Es difícil mantener la ilusión,
como difícil es hacer eternas las huellas que dejo en la arena
cuando camino sola, errante, feliz,
cuando sonrío al ver la ola que las hace desaparecer,
cuando soy de las que cree
en lo efímero y en lo intangible,
en la explosión de una lágrima y su sabor a mar,
en la piel erizada cuando caigo de rodillas ante la belleza de unos fuegos de artificio
y quiero morir en el suspiro de un orgasmo.

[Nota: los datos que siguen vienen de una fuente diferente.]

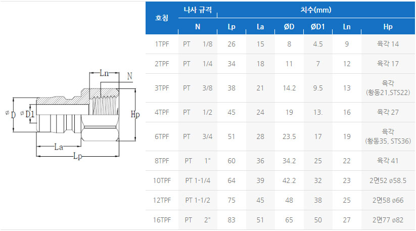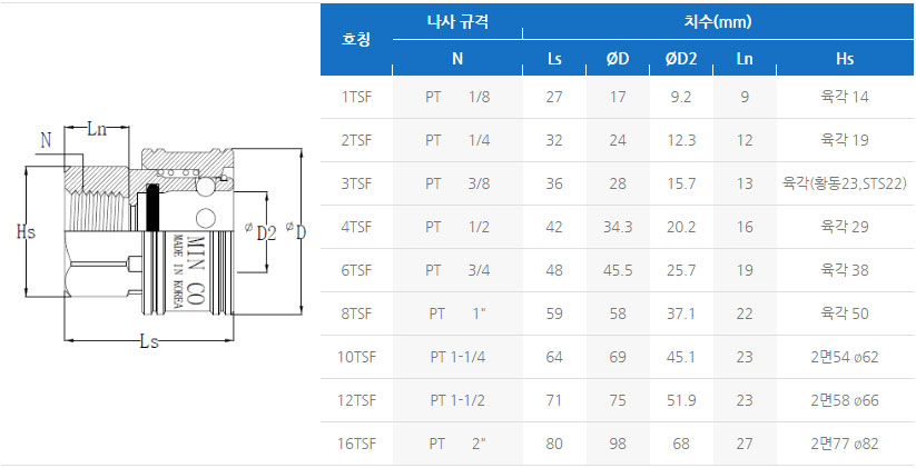 1. TSP형 COUPLER(F형) 호칭 및 치수

Llamadme imbécil, pues mi eternidad reside en la estela de la estrella fugaz que nunca visteis por necios,
en la vez que unos ojos me encontraron
cuando me volví arista de la esquina que no me atreví a doblar,
y fui artista de muñecos de nieve con ojos negros de carbón,
en esa vez que el sol se escondió en el mar
tiñéndolo todo de rojo y luego de plata,
en la barra del bar donde sobraban vasos torpes
y los estrellamos al suelo para vomitarnos palabras bonitas,
en un beso,
en el vértigo de un salto al vacío.
La décima de segundo es mi eternidad
porque amo los instantes que tatúan mi vida y mi cerebro para siempre,
y mientras haya memoria las perlas que colecciono serán el collar que vista mi cuello
y veré mi casa en el hueco de cualquier ascensor,
o en el portal sangriento que olía a humedad,
veré placeres en el humo de mi último cigarrillo,
mi pecado más apreciado en la hierba blanca de un pecho izquierdo y rebelde,
mi alma en el eco de una canción,
mi cama en el banco de un parque
y mi sol en cualquier farola de la calle triste.